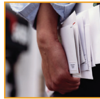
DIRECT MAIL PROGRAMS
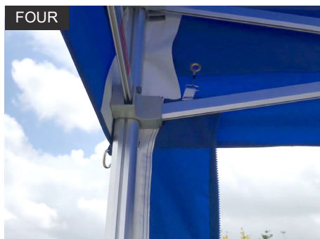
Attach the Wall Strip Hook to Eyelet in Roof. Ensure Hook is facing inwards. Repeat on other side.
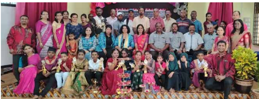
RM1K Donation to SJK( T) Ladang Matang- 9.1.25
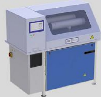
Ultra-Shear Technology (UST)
------
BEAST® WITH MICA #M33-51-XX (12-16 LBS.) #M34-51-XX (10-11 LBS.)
------
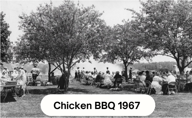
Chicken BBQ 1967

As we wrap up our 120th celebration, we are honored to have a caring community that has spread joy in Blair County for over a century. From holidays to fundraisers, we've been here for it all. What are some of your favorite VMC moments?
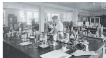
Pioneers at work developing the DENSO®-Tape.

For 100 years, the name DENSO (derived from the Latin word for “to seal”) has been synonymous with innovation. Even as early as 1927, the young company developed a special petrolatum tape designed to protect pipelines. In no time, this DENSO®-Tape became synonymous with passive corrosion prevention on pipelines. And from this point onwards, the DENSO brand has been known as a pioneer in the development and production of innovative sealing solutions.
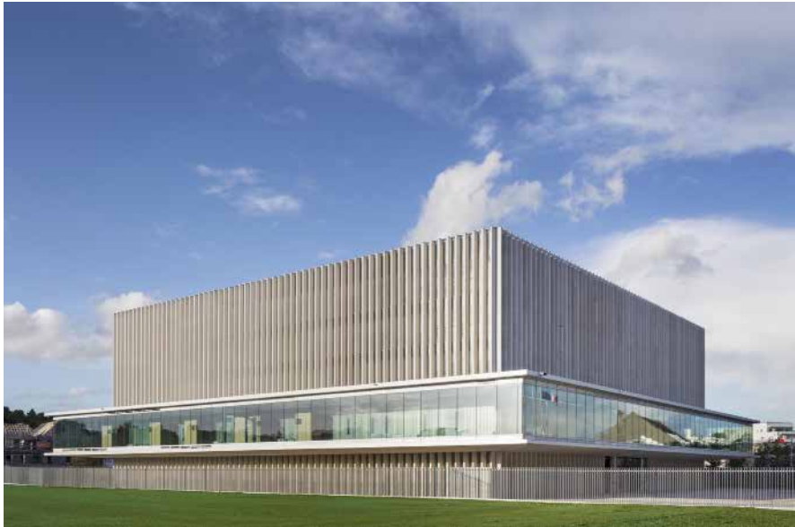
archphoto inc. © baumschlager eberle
------
[Problem statement]
In the listing above, find the line with "Attach the Wall" and output it and every line after it up to and including the line with "Ultra-Shear Technology (UST)", exactly, minus the pictures.

[Completed exercise]
Attach the Wall Strip Hook to Eyelet in Roof. Ensure Hook is facing inwards. Repeat on other side.
RM1K Donation to SJK( T) Ladang Matang- 9.1.25
Ultra-Shear Technology (UST)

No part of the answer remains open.